Your instructions »
Write out the data that follows exactly, keeping every picture out.

Dataset content »
┌────────

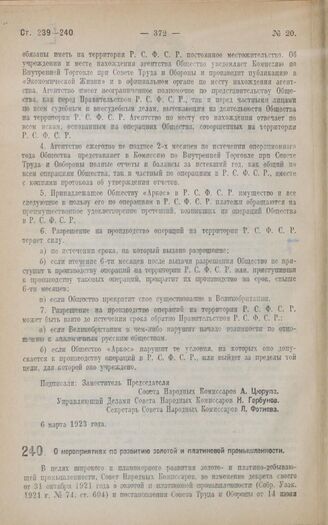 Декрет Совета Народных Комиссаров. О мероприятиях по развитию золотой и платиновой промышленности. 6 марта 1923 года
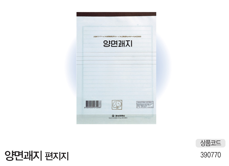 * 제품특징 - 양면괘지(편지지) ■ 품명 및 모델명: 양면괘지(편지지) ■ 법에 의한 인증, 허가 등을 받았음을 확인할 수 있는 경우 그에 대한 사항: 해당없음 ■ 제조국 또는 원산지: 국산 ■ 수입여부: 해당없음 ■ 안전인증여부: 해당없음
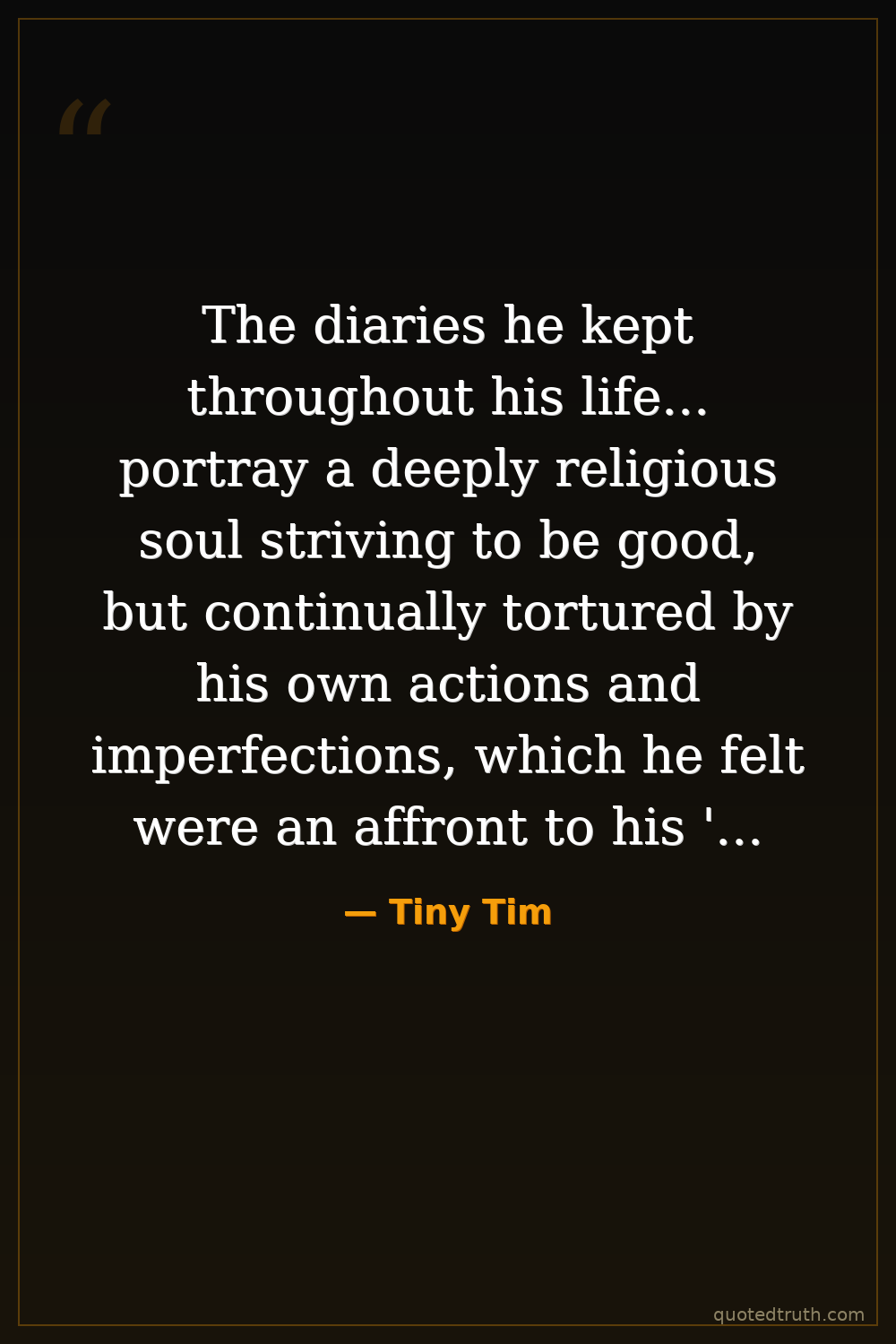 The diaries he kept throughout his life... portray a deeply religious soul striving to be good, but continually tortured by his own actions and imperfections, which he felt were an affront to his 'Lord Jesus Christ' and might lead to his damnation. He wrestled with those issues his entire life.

└────────

Response »
 Декрет Совета Народных Комиссаров. О мероприятиях по развитию золотой и платиновой промышленности. 6 марта 1923 года
 * 제품특징 - 양면괘지(편지지) ■ 품명 및 모델명: 양면괘지(편지지) ■ 법에 의한 인증, 허가 등을 받았음을 확인할 수 있는 경우 그에 대한 사항: 해당없음 ■ 제조국 또는 원산지: 국산 ■ 수입여부: 해당없음 ■ 안전인증여부: 해당없음
 The diaries he kept throughout his life... portray a deeply religious soul striving to be good, but continually tortured by his own actions and imperfections, which he felt were an affront to his 'Lord Jesus Christ' and might lead to his damnation. He wrestled with those issues his entire life.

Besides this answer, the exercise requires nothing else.